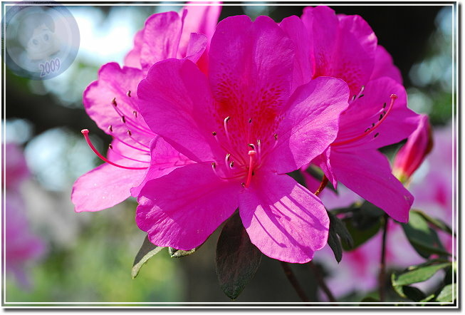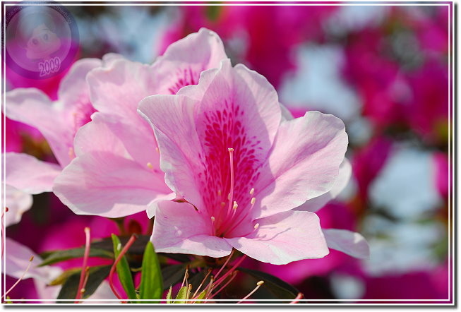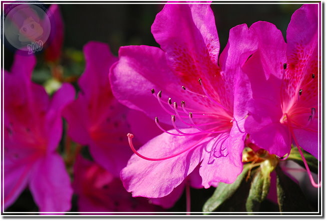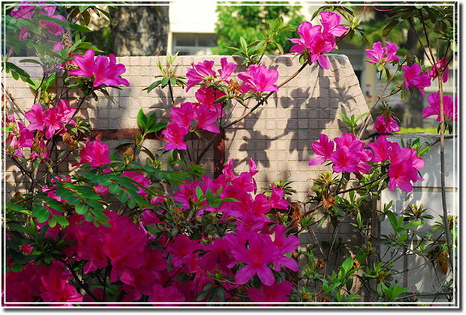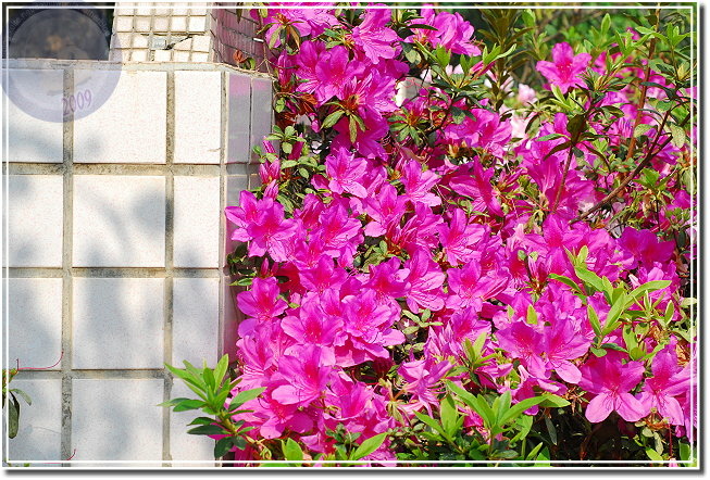 花大開後,雨卻接著來了。雖然沒大到將花摧殘,卻讓細緻花瓣因含水而發黃。反覆地晴雨交替,始終沒等到足夠讓杜鵑花重振旗鼓的陽光。終於,鋒面過了,即使再有也只是降下溫度,讓杜鵑花得以喘息。趁著上午陽光精神,拿著照相機牆裡牆外走一圈,雖然平地的杜鵑花不是什麼新聞,不過...真的「數大便是美」。感謝前人的真知灼見...。
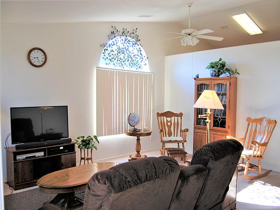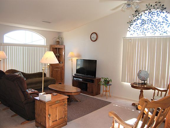 Meticulously maintained single level home on larger corner lot in highly desirable Viewpoint Community. This 3/2 home offers an open kitchen, dining niche with bay windows and family room with gas fireplace as well as a separate spacious living room. Master suite is over sized with sitting area, bedroom, walk in closet, garden tub and shower, dual sink vanity and a linen closet. Covered back patio for outdoor living with lush mature landscaping creating a private living space. The fully fenced backyard has side gate, a fenced area for dogs or garden area and producing apple and pear trees. Designated Laundry room and 2 car garage.
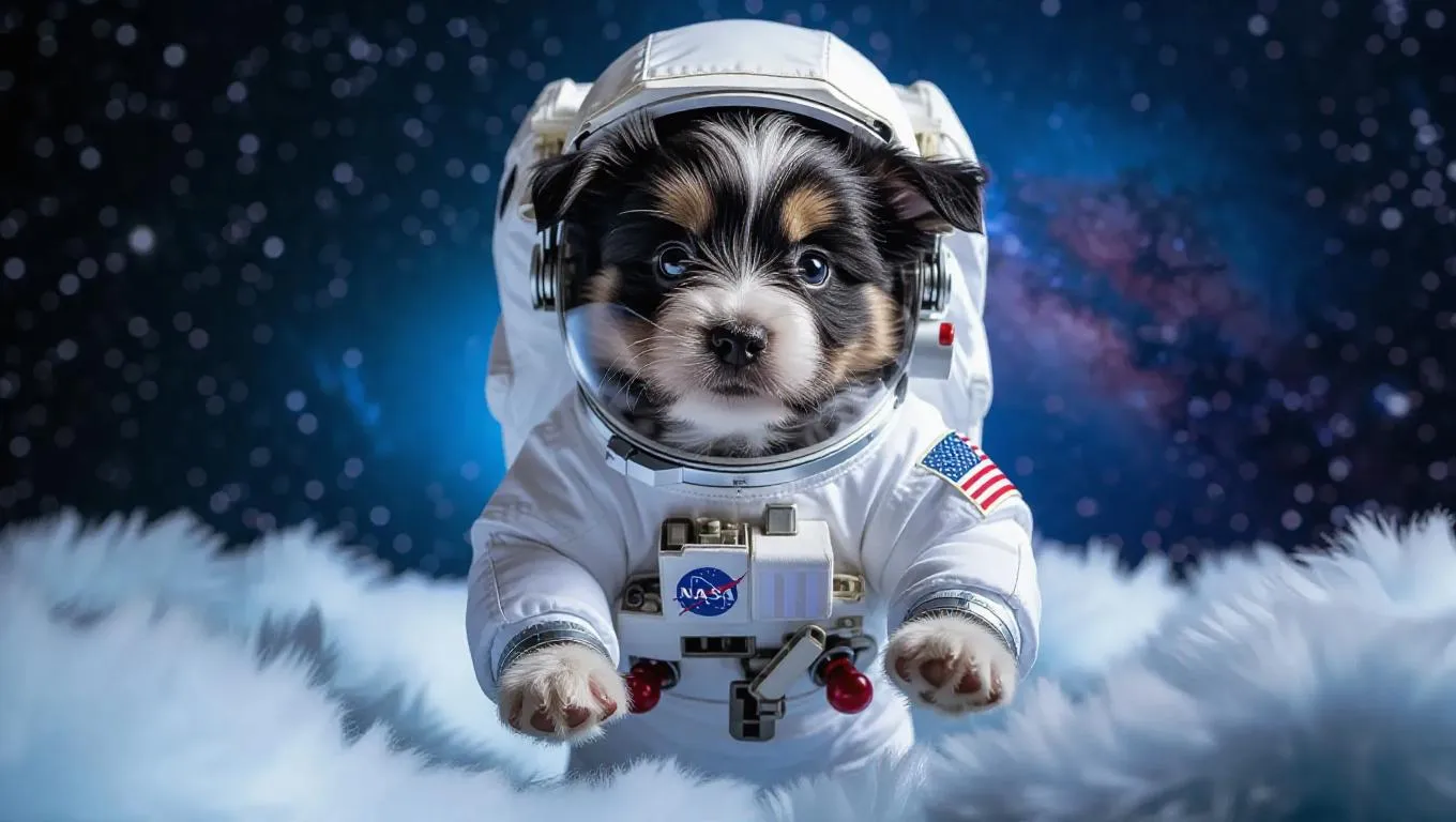 The fluffy puppy, dressed in an astronaut suit with a helmet, floats down the runway with a curious gaze. The camera captures its unique presence, emphasizing the space suit and the puppy's wide eyes. The background is a starry outer space scene, enhancing the puppy's out-of-this-world charm.
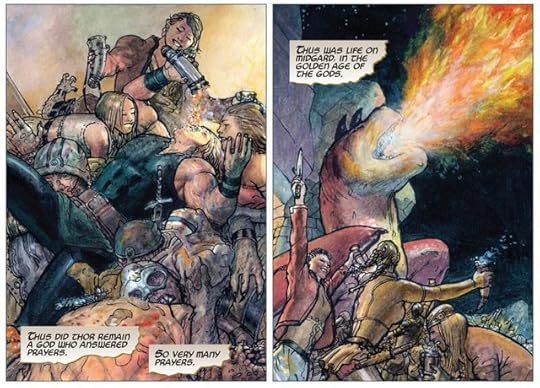 The second visits the young Thor of long ago, who spends his time alternately drunk, covered with vomit and making friends with a shark/dragon creature.
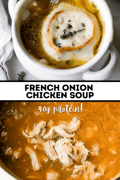 There’s something undeniably comforting about a hot bowl of French onion soup. This main dish soup takes my classic French Onion Soup recipe and adds extra protein with chicken and bone broth (40 grams protein) and it’s delicious! My husband loved it! If you love those flavors, I also have this French Onion Chicken Skillet dinner with the same flavors, minus the broth!
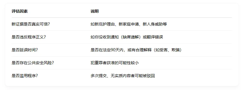 法官接受你的重开理由(如新证据、新庇护资格、程序错误、从未收到通知等)。
----
All lines from the one holding "Meticulously maintained single" through the last line of the material above should be set down exactly, and the pictures should be left out.

> _COMPLETED EXERCISE_:
 Meticulously maintained single level home on larger corner lot in highly desirable Viewpoint Community. This 3/2 home offers an open kitchen, dining niche with bay windows and family room with gas fireplace as well as a separate spacious living room. Master suite is over sized with sitting area, bedroom, walk in closet, garden tub and shower, dual sink vanity and a linen closet. Covered back patio for outdoor living with lush mature landscaping creating a private living space. The fully fenced backyard has side gate, a fenced area for dogs or garden area and producing apple and pear trees. Designated Laundry room and 2 car garage.
 The fluffy puppy, dressed in an astronaut suit with a helmet, floats down the runway with a curious gaze. The camera captures its unique presence, emphasizing the space suit and the puppy's wide eyes. The background is a starry outer space scene, enhancing the puppy's out-of-this-world charm.
 The second visits the young Thor of long ago, who spends his time alternately drunk, covered with vomit and making friends with a shark/dragon creature.
 There’s something undeniably comforting about a hot bowl of French onion soup. This main dish soup takes my classic French Onion Soup recipe and adds extra protein with chicken and bone broth (40 grams protein) and it’s delicious! My husband loved it! If you love those flavors, I also have this French Onion Chicken Skillet dinner with the same flavors, minus the broth!
 法官接受你的重开理由(如新证据、新庇护资格、程序错误、从未收到通知等)。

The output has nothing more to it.